Co-authors​ :

 Ceren YILDIRIM (TURKEY), Isa ISA EMAMI TABRIZI (UNITED KINGDOM), Abdulrahman AL-NADHARI (TURKEY), Serra TOPAL (TURKEY), Bertan BEYLERGIL (TURKEY), Mehmet YILDIZ  

This comprehensive study focuses on the progressive failure of high-performance carbon fiber/poly(ether ketone ketone) (CF/PEKK) composites manufactured using automated fiber placement (AFP) technique and consolidated in autoclave in compliance with the requirement of aerospace requirements. This investigation suggests a systematic and complimentary utilization of multi-instrumental structural health monitoring (SHM) approaches that enable studying the behaviour of the damage development and damage classification in high performance thermoplastic composite laminates. Void analysis based on density measurement, thermal analysis, and optical microscopy observations are performed to better understand the secondary consolidation effect on the microstructure of the composite. It is observed that the degree of crystallinity increases from 13.47% to 24.49% following the autoclave consolidation. The microscopy images of the cross-section of in-situ consolidated laminates show that the larger portion of voids are interlaminar voids which are present throughout the initial intimate contact regions; however, autoclave process enables the removal these voids, resulting in reduction in the void content from 5.65 % to 0.46%. Additionally, acoustic emission (AE), digital image correlation (DIC), and infrared thermography (IRT) techniques are performed simultaneously during the tensile test to further identify damage progression. It is proven that the AE, DIC, and IRT techniques provide unmatched advantages in continuous data acquisition and understanding the physics behind the critical damage types occurring in the material, such as edge splits leading to failure.

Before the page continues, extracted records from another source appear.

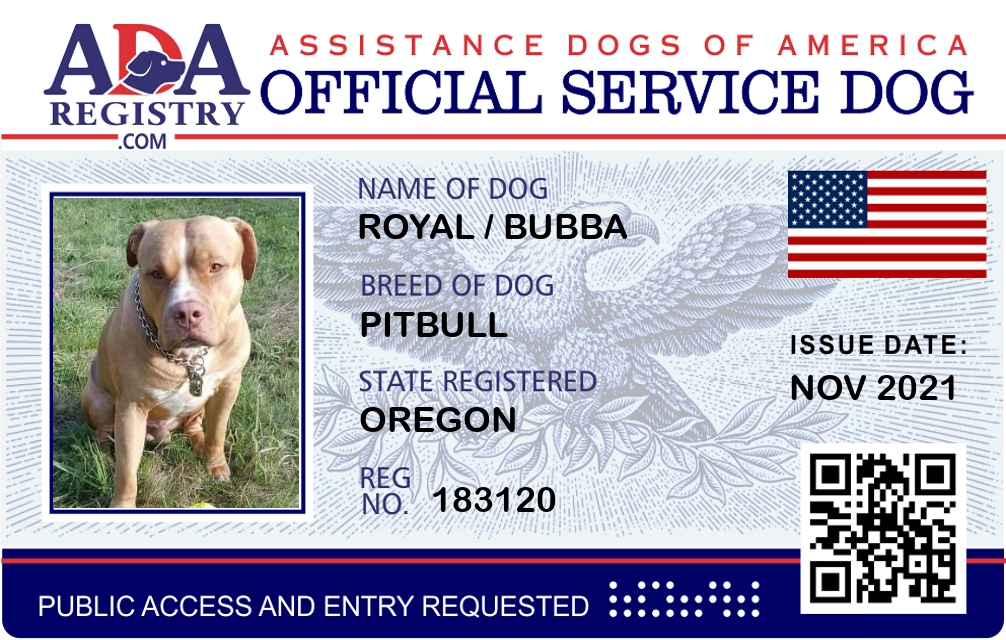 Service Dog Registration for Royal / Bubba
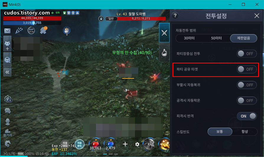 퀵 전투설정에 파티 공유 타켓 온/오프 시스템이 추가되었습니다. 파티 사냥을 할 때 자주 이용하게 될 것 같습니다.
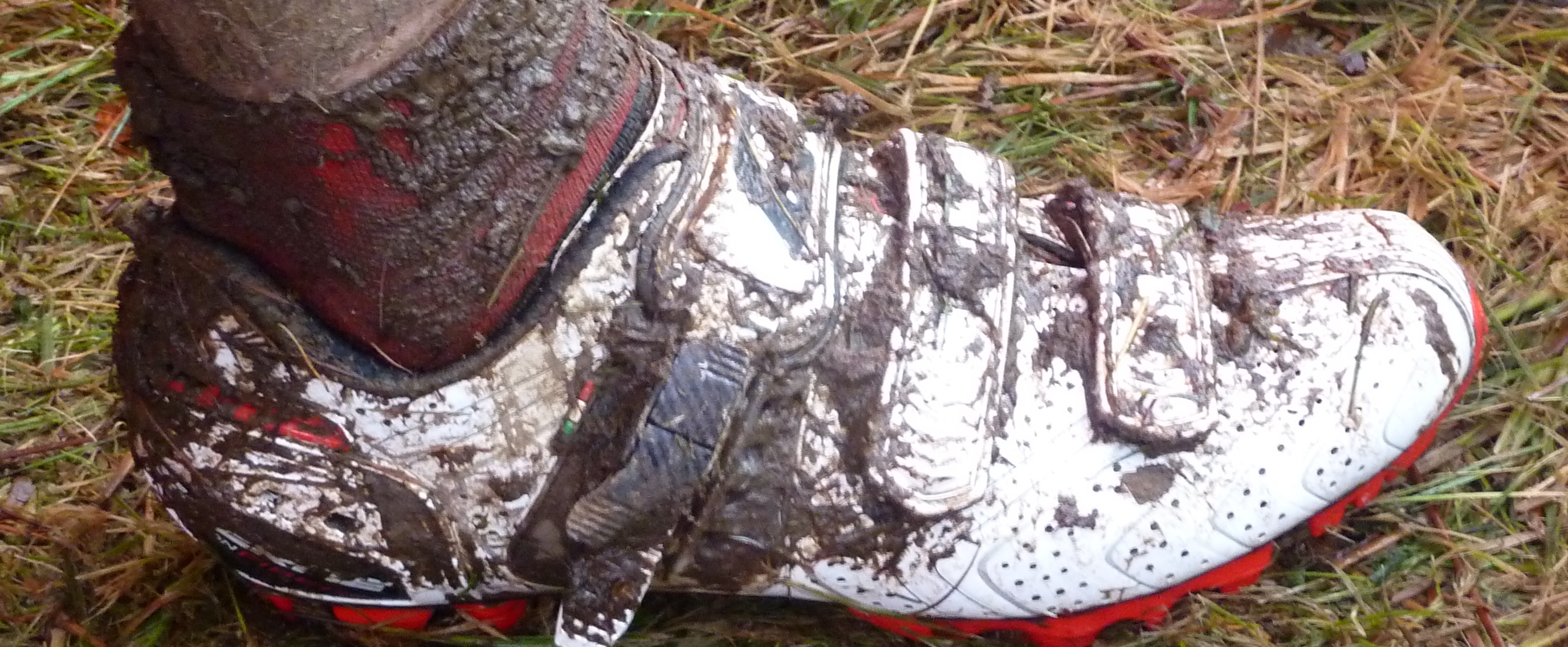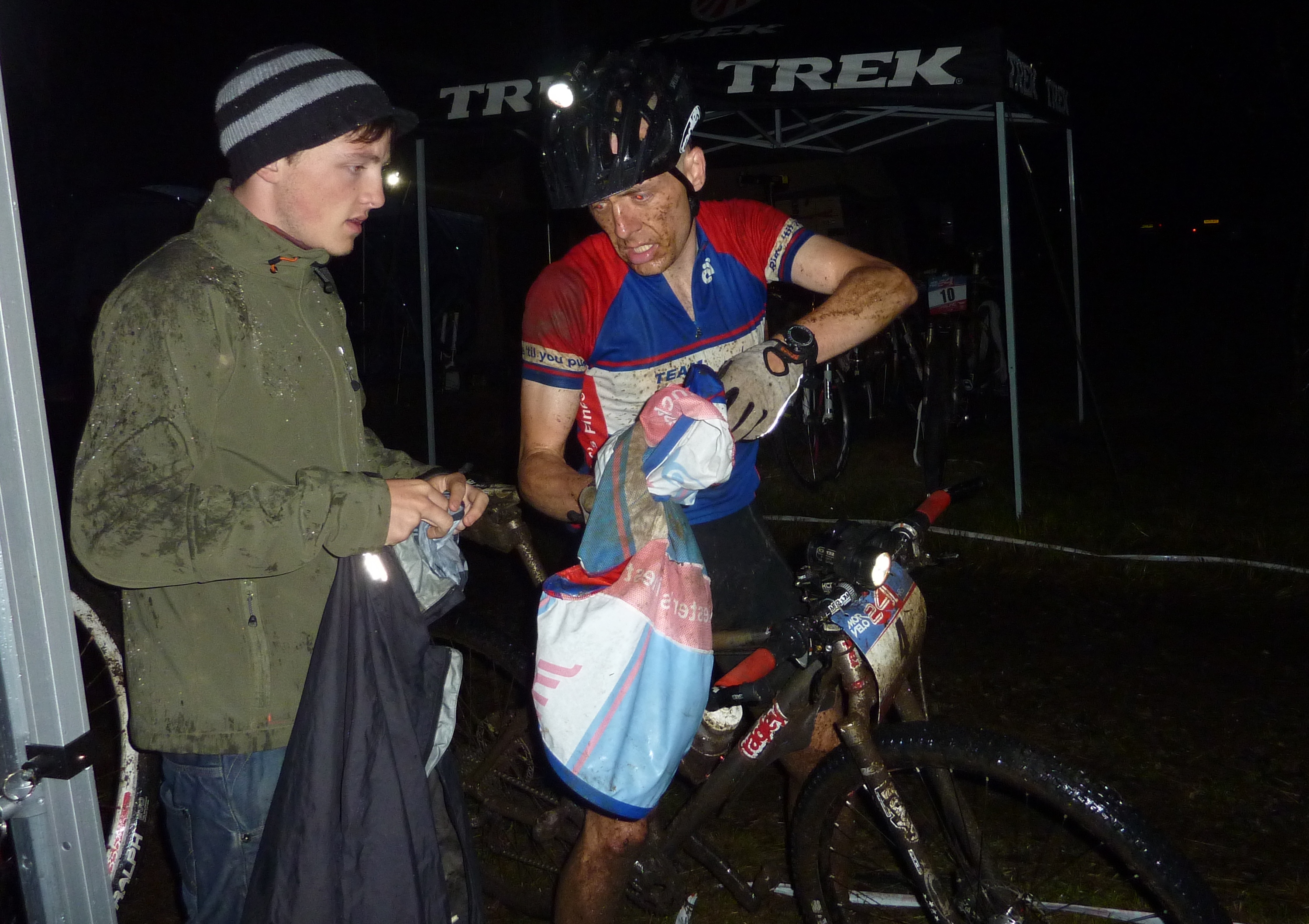 I’m freezing. Really, really freezing. I’ve got a Crimean war-style bandage thing sticking out of a huge hole in the side of my bib shorts (an expensive pair kindly given to me by a sponsor) that’s hopefully keeping the wet mud that’s flying everywhere out of a painful wound on my hip.
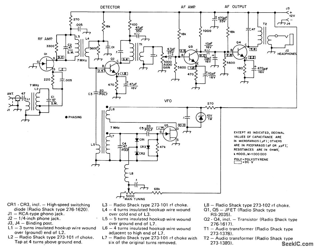 Simple, foolproof circuit design uses discrete components mounted on printed-circuit board shaped to fit in oval herring can. Single 7-MHz RF stage and voltage-tuned VFO feed produgt detector Q2 that drives 2-stage AF amplifier having peak response at about 650 Hz for most comfortable CW listening. VFO uses Armstrong or tickler-feedback circuit, with CR1 and CR2 connected as voltage-variable-capacitance diodes. Zener regulator powers VFO circuit for good frequency stability Receiver will tune any 100-kHz segment of 40-meter band.-J Rusgrove,The Herring-Aid Five,QST,July 1976,p 20-23.
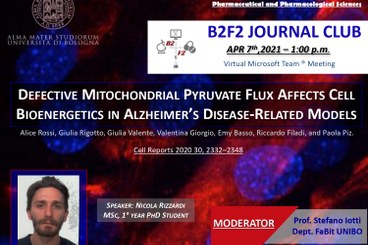 Nicola Rizzardi, a 1st-year PhD student, will present the data and results from the work entitled "Defective Mitochondrial Pyruvate Flux Affects Cell Bioenergetics in Alzheimer’s Disease-Related Models" published on Cell Reports 2020 30, 2332 2348.

Upon assessing damage accumulation in detail, one can clearly note the change in cumulative AE counts slope, categorizing laminate failure into two distinct stages, each representing a dominant failure mode. Another important finding is that the increase in AE energy correlates with observable macro-level damage in the laminate. These macro-level damages are captured by the thermal camera in the form of various edge splitting large-scale damages. The initiation of these damage events can be predicted through concurrent monitoring of DIC strain maps. The examination of the fractured surfaces through SEM analysis allows for the identification of various types of failures, thereby correlating them with the distinct stages of the tensile response.